性能优化最怕“凭感觉”。下面拆成 8 个步骤,每一步都能运行并打印结果,让你看到工具输出,再理解背后的优化思路。

Step 1:用 slow_word_count 和 fast_word_count 看清数据结构的差距

痛点与机制

性能优化第一课不是炫技,而是选对数据结构。慢版本每遇到一个词,都在已有结果里重新遍历查找;快版本用字典的 get() 直接定位。它们像“翻整本通讯录找人”和“按姓名索引查人”的区别。

核心源码(逐字来自文末完整源码)

def slow_word_count(corpus: list[str]) -> dict[str, int]:
    """慢版本:字符串拼接 + 重复遍历。"""
    result: dict[str, int] = {}
    for doc in corpus:
        words = doc.split()
        for word in words:
            # 反模式:每次都重新遍历 result
            found = False
            for k in result:
                if k == word:
                    result[k] += 1
                    found = True
                    break
            if not found:
                result[word] = 1
    return result


def fast_word_count(corpus: list[str]) -> dict[str, int]:
    """快版本:直接用 dict.get()。"""
    result: dict[str, int] = {}
    for doc in corpus:
        for word in doc.split():
            result[word] = result.get(word, 0) + 1
    return result

可运行演示(补齐 Mock 数据与 print 反馈)

CORPUS: list[str] = [
    "task alpha alpha beta",
    "task beta gamma",
    "alpha deploy task",
]

def slow_word_count(corpus: list[str]) -> dict[str, int]:
    """慢版本:字符串拼接 + 重复遍历。"""
    result: dict[str, int] = {}
    for doc in corpus:
        words = doc.split()
        for word in words:
            # 反模式:每次都重新遍历 result
            found = False
            for k in result:
                if k == word:
                    result[k] += 1
                    found = True
                    break
            if not found:
                result[word] = 1
    return result

def fast_word_count(corpus: list[str]) -> dict[str, int]:
    """快版本:直接用 dict.get()。

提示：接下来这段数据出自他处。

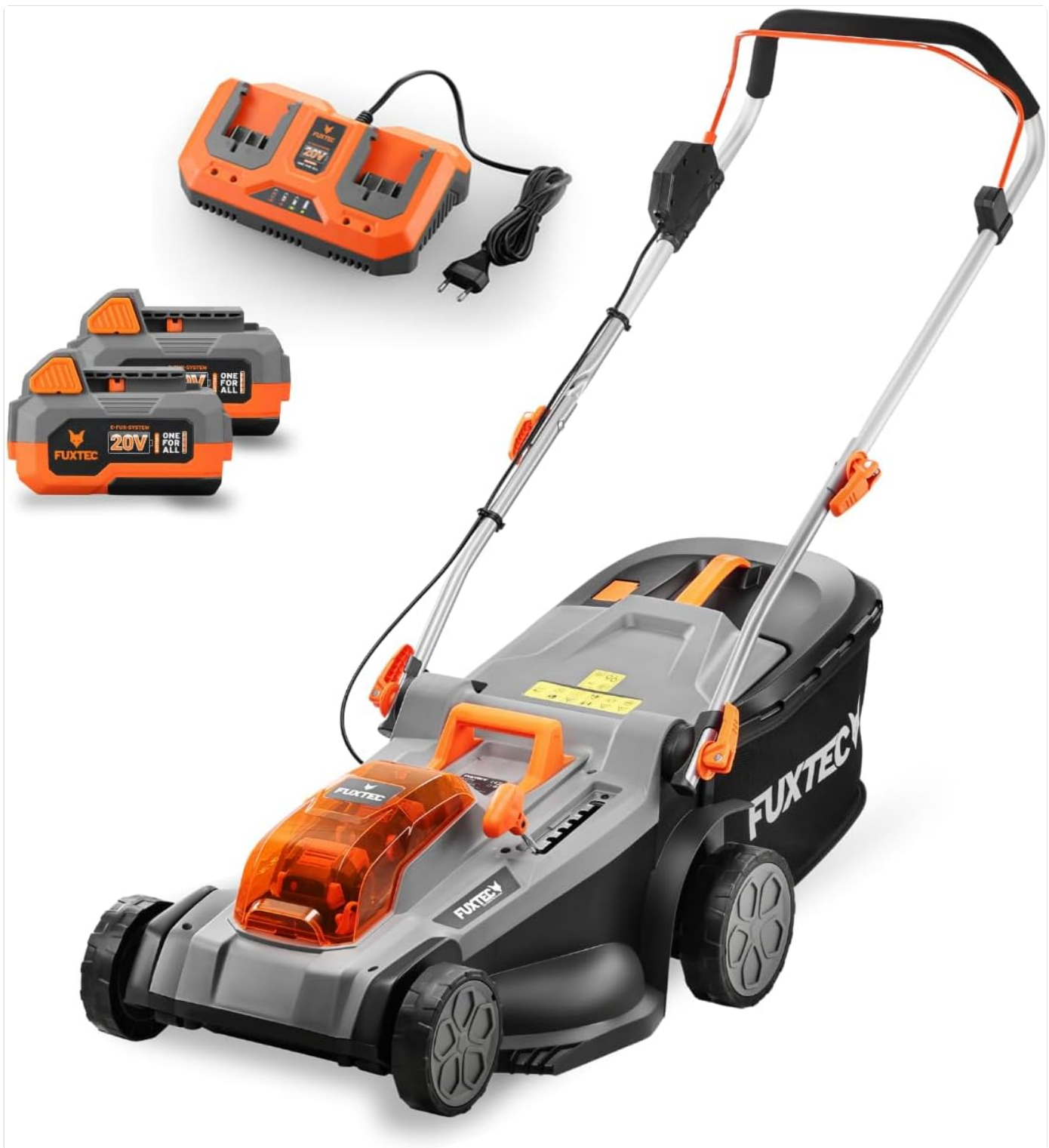
Figure 1: Fuxtec 40V Cordless Lawn Mower E2RM37 with included batteries and charger.

"""
    result: dict[str, int] = {}
    for doc in corpus:
        for word in doc.split():
            result[word] = result.get(word, 0) + 1
    return result

slow = slow_word_count(CORPUS)
fast = fast_word_count(CORPUS)
print("慢版本结果:", slow)
print("快版本结果:", fast)
print("两者一致:", slow == fast)
print("直觉:慢版本像每次找词都翻整本通讯录,快版本直接查字典。")

Step 2:用 memory_leak_demo 对比循环拼接和 join 的内存成本

痛点与机制

循环里不断 result = result + chunk 会反复创建新字符串,旧内容也要跟着复制,数据一大就像搬家时每添一个箱子都重新搬全屋。列表收集后 join() 则是先把材料放篮子里,最后一次性组装。

核心源码(逐字来自文末完整源码)

def memory_leak_demo(n: int = 500) -> list[str]:
    """模拟内存问题:在循环中用 + 拼接字符串(O(n²) 内存)。"""
    result = ""
    for i in range(n):
        result = result + f"chunk_{i}_"   # 每次创建新字符串对象
    return result.split("_")


def memory_efficient(n: int = 500) -> list[str]:
    """内存友好版本:用列表收集再 join。"""
    parts = [f"chunk_{i}_" for i in range(n)]
    return "".join(parts).split("_")

可运行演示(补齐 Mock 数据与 print 反馈)

def memory_leak_demo(n: int = 500) -> list[str]:
    """模拟内存问题:在循环中用 + 拼接字符串(O(n²) 内存)。"""
    result = ""
    for i in range(n):
        result = result + f"chunk_{i}_"   # 每次创建新字符串对象
    return result.split("_")

def memory_efficient(n: int = 500) -> list[str]:
    """内存友好版本:用列表收集再 join。"""
    parts = [f"chunk_{i}_" for i in range(n)]
    return "".join(parts).split("_")

slow_parts = memory_leak_demo(8)
fast_parts = memory_efficient(8)
print("慢版本切片前 6 个:", slow_parts[:6])
print("快版本切片前 6 个:", fast_parts[:6])
print("结果长度一致:", len(slow_parts) == len(fast_parts))
print("直觉:循环里 + 拼接会反复复制旧字符串,join 像先攒零件再一次组装。")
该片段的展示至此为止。